ADVERTISEMENT

When European Progress Gets Too Progressive

REVIEW: 'Homelands: A Personal History of Europe' by Timothy Garton Ash

Poles greet then-pope John Paul II in 1979 (Photo by Barbara Bartkowiak/Wikimedia Commons)
October 1, 2023

The bloody decades of Communist rule over Central and Eastern Europe were made darker by the forced absence of contact with the rest of the continent.

News—truly fake news—was provided exclusively by state agencies, promising that abundance was just over the horizon while the West was on the verge of a proletarian revolution. Travel across the Iron Curtain was rare, difficult, and often a humiliating experience at the border (the interminable wait to get out as well as to get in was tedious and nerve-wracking, followed by a slow, meticulous, but possibly bribable control of one's luggage and person). And dissident intellectuals could not participate in local or international seminars to share their ideas, writing their thoughts instead on scarce paper circulated among friends. The more one opposed the Communist regime, the less one could travel abroad or connect with foreigners.

But no matter how hard they tried, Communist goons could never fully sever the connection between West and East. There were, for instance, a few brave souls who from the well-lit Western cities regularly ventured to gray Central Europe to meet the oppressed, to chronicle back home the struggles of those nations, and to share with Western audiences the thoughts of Central European intellectuals laboriously typed on tissue paper.

A chronicler well known to the English-speaking audience is Timothy Garton Ash. A British public intellectual based in Oxford but also with a perch at the Hoover Institution (where I also have a small affiliation), he has been a fixture in Central Europe. Throughout the years, his articles, interviews, and books, such as The Magic Lantern, recounted his conversations and encounters from Gdansk to Budapest and beyond. He was read in the West, but also in the East where he was seen as an adopted intellectual of Central Europe, albeit with a British accent and a polished Oxfordian comportment.

In his latest book, Homelands, Garton Ash continues his chronicling of Europe. He begins with World War II when his father hopped over the Channel and landed in Normandy on D-Day and ends with Russia's war against Ukraine. He travels from the Thames and the Rhine to the Dnipro, from Washington, D.C., to Warsaw, from Davos to the Hellenic mini-Davos in Delphi. He narrates conversations with German villagers and European politicians (with a foray into the United States with George W. Bush and Dick Cheney).

This is neither a biography nor a history, but a personal history, loosely placing the author's European travels in the context of historical events, from the early Cold War to the 1990s and more recent years.

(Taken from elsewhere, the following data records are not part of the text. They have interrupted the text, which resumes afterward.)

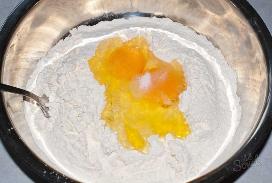 Разболтать яйцо с водой в миске, добавить к ним щепотку соли и лимонный сок. Добавить еще пол стакана воды. Хорошо размешать и добавить в смесь просеянную муку. Замесить тесто до однородности.
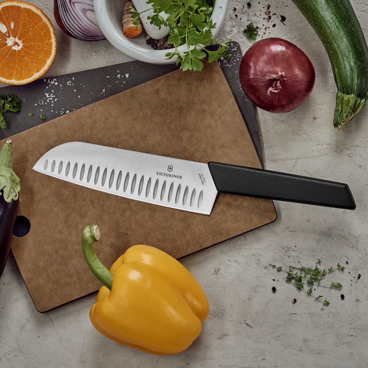 VICTORINOX(ビクトリノックス) 三徳包丁 食洗機対応 肉 魚 野菜 マルチに使える万能包丁 17cm溝付 ブラック 料理全般に使える万能なナイフ スイスモダン 6.9053.17KB
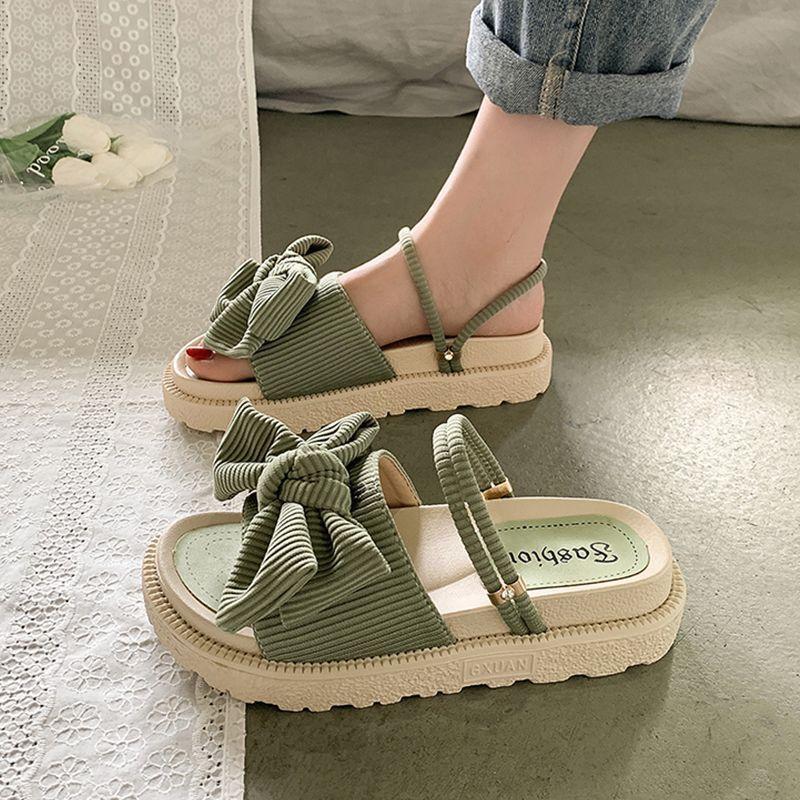 Fairy wind two wear student sandals female summer new wide fat feet non-slip flat bottom casual wear soft bottom half slippers
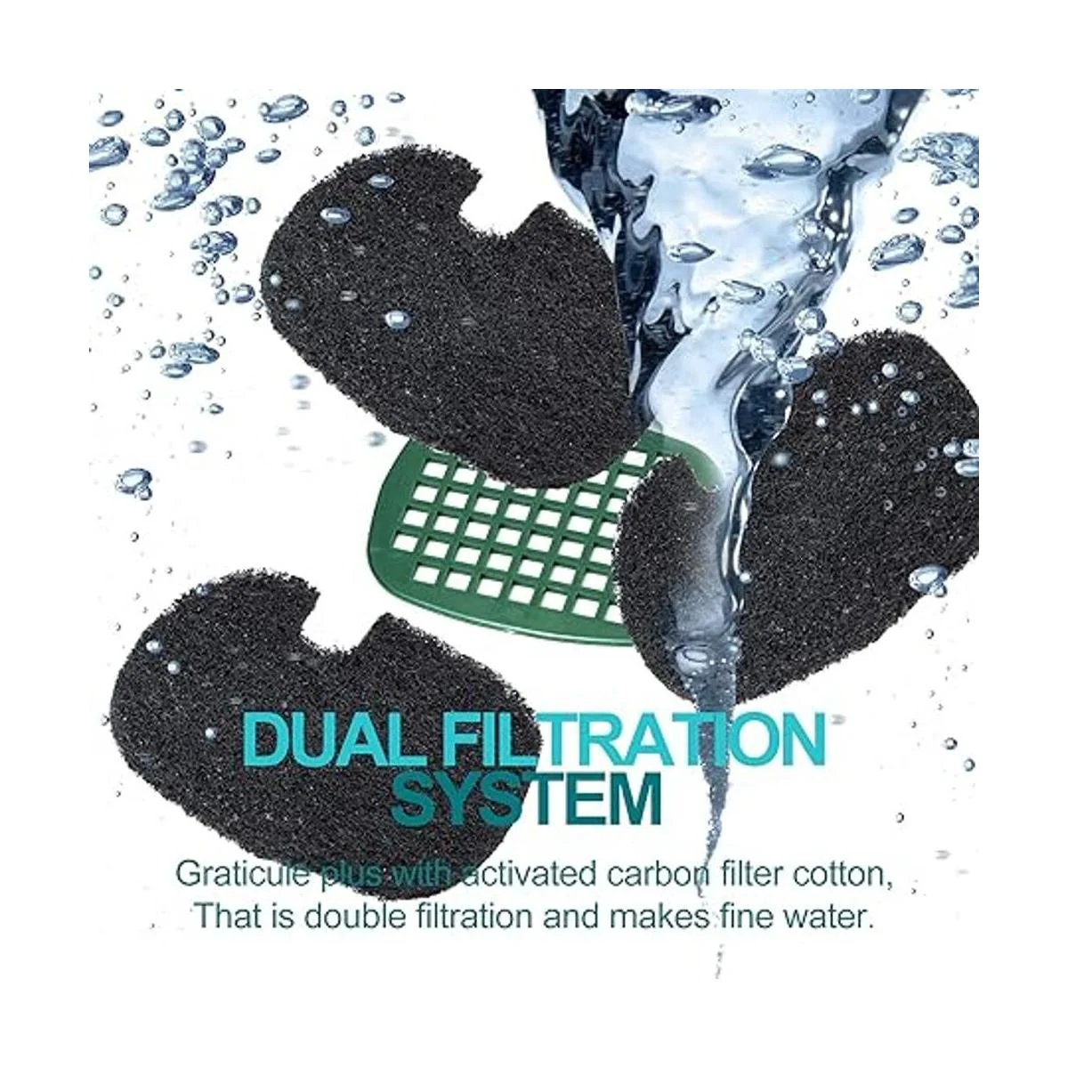 Sistema de doble filtro: nuestro cuenco de agua para reptiles está especialmente diseñado con doble filtración profunda: filtro de carbón activado de algodón y tablero a cuadros de polipropileno, que ayuda a proporcionar un agua limpia y suave de alta calidad.
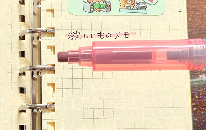 特に好印象だったのは、黒インクの文字を邪魔しないところ。上からなぞってもにじみにくく、補足・強調・分類といった役割を自然に担ってくれます。
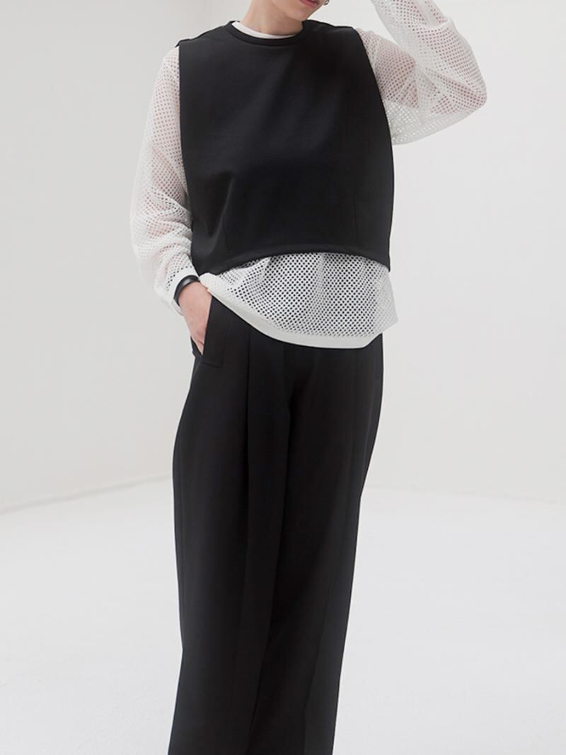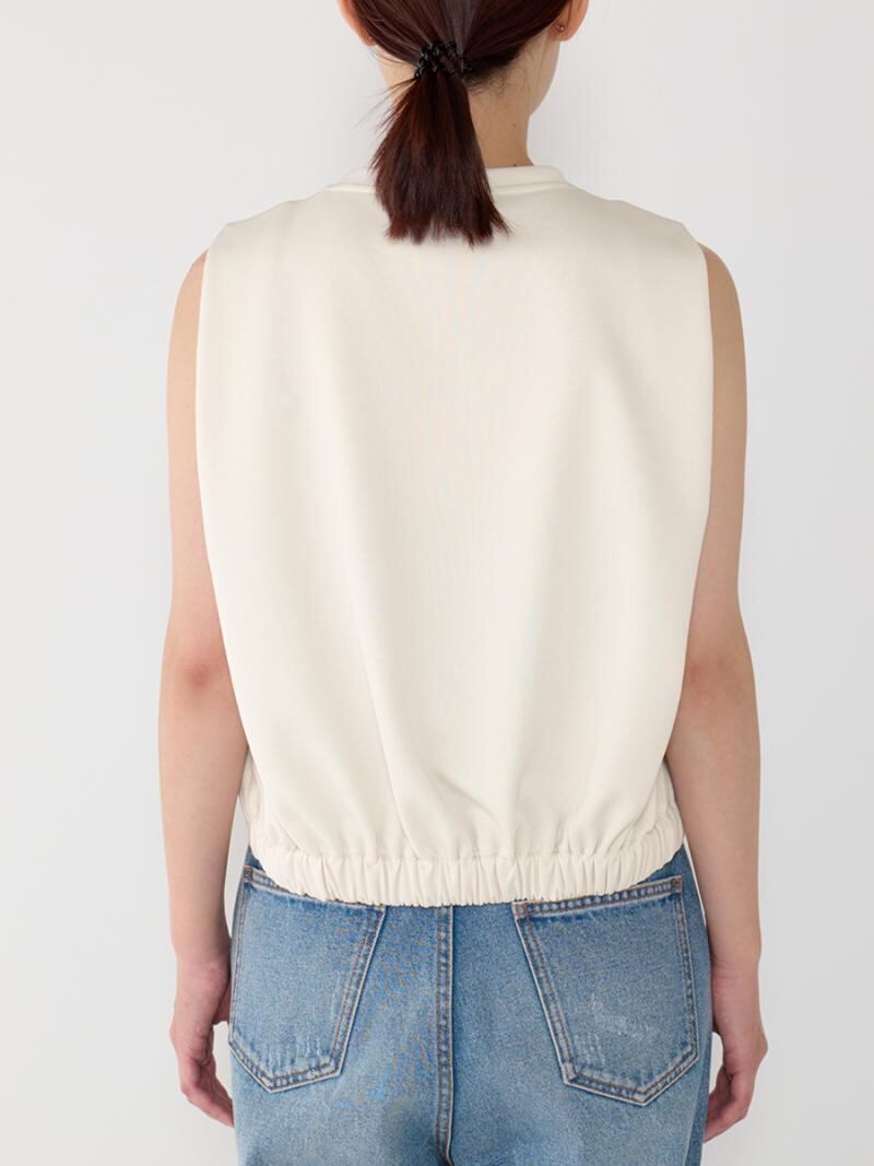トレンド感のある1枚です。夏には1枚でトップスとして、春先には下にインナーをレイヤードしてコンパクトなベストとしての着用もおすすめです。

It is Timothy Garton Ash's stroll through history. The reader, therefore, should not expect a history of Europe, albeit some events, key for the author, are examined in greater detail: for example, 1968, the 1989 fall of the Berlin Wall, the Bosnian war, Brexit, and the rise of conservative parties in recent years.

The vignettes of his encounters and of life under Communism are where the author is at his best. A meeting with Václav Havel (the Czech playwright and then the last president of Czechoslovakia) under the obnoxious watch of Communist agents, the trips across East Germany and in Berlin, the conversations with Bronisław Geremek (medieval historian and then Polish foreign minister), the description of the massacre in Srebrenica and of visits to the bloody lands of Bosnia and Kosovo offer insights into Europe's travails and successes.

Garton Ash's stories conjure images of life beyond the Curtain: the crackling sounds of short-wave radios bringing the newscast of Radio Free Europe, the conversations among few friends or family members on the latest crackdown or dead (or especially in the late '70s and early '80s, the not-yet-fully dead) Soviet leader, the dreary 1970s apartment buildings with churches nonetheless being built by the proletariat, the sound of a Trabant two-stroke engine struggling uphill (if the slope was steep enough, you had to go in reverse as the first gear was insufficient to pull the cheap car, which did not even have a tachometer). It's a world that has retreated into history, but it's worth remembering, especially for those who have not lived through the Communist experiment and are now intoxicated by woke versions of Marxism.

The underlying theme of the book is the development of Europe as a political entity, with blurry, moveable frontiers. Europe's progressive march began in the hell of the world wars, continued through the divisions of the Cold War, the various iterations of the European project of unity, and maybe has reached in the last two decades the "promised land."

But what is this Europe? For the author, Europe is "about the struggle for freedom. Where the cause of Europe has marched arm in arm with that of freedom," the author has been "happiest; where Europe has seemed to conflict with freedom, or at least be indifferent to it," the great British chronicler has been "most dismayed."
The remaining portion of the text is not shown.